Infantino, elected FIFA president in February, said in a statement issued by the soccer body that he welcomed any investigation into the matter. He said on Tuesday he was “dismayed that his integrity was being doubted”.
Reports from multiple news organisations, citing a leaked document from the so-called Panama Papers, said on Tuesday UEFA sold broadcast rights for 2006-09 Champions League matches to Argentine businessmen Hugo and Mariano Jinkis, owners of Cross Trading.
These reports said the pair resold the rights to Ecuadorean broadcaster Teleamazonas for three times as much, though UEFA said it had no knowledge of such a deal.
UEFA has confirmed that Infantino, who was working for UEFA at the time, was one of two of its officials who signed the contract. UEFA has denied any wrongdoing by itself or Infantino.

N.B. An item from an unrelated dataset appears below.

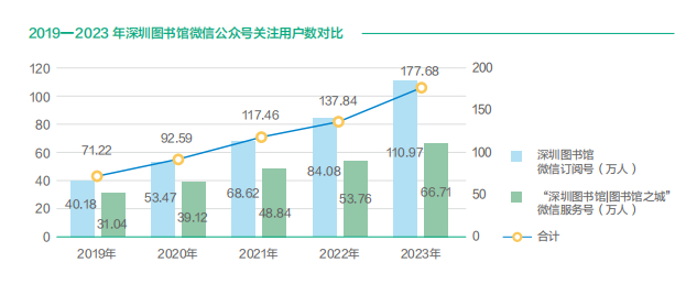 2023年,深圳图书馆全媒体服务矩阵拓展升级,微信微博等新媒体平台关注用户数累计236万,读者通过微信利用图书馆服务达937.54万人次、5274.69万页次,微博阅读量达1.14亿人次。“深图首发”新书分享活动创新开展,“方志里的深圳”古籍智慧化开发与活化利用项目入选文旅部“智慧图书馆创新应用优秀案例”,“书香湾区 触手可得”数字阅读创新推广系列活动入选“深圳读书月”主推项目。

“UEFA can confirm that today we received a visit from the office of the Swiss Federal Police acting under a warrant and requesting sight of the contracts between UEFA and Cross Trading/Teleamazonas,” UEFA said in a statement.
“Naturally, UEFA is providing the Federal Police with all relevant documents in our possession and will cooperate fully.”
Hugo and Mariano Jinkis are among several dozen football officials who were last year indicted in the United States as part of a huge corruption scandal which has swept the game and thrown FIFA into turmoil.
Infantino was elected as FIFA president to try to lead the federation into a new, scandal-free era.
“It is in my interest and in the interest of football that everything should come to light,” Infantino said in the statement issued by FIFA on Wednesday, adding that “all contractual matters were conducted properly by UEFA”.
“If my determination to restore football’s reputation was already very strong, it is now even stronger,” he said.
The document was part of the 11 million that were leaked from the Panamanian law firm Mossack Fonseca in what have become known as the Panama Papers. The law firm has denied wrongdoing.
In a separate statement, UEFA said the rights were sold to Teleamazonas after an “open, competitive, tender process” conducted by TEAM, its exclusive agent”.
TEAM is UEFA’s marketing partner which conducts the negotiations for the sale of broadcast rights.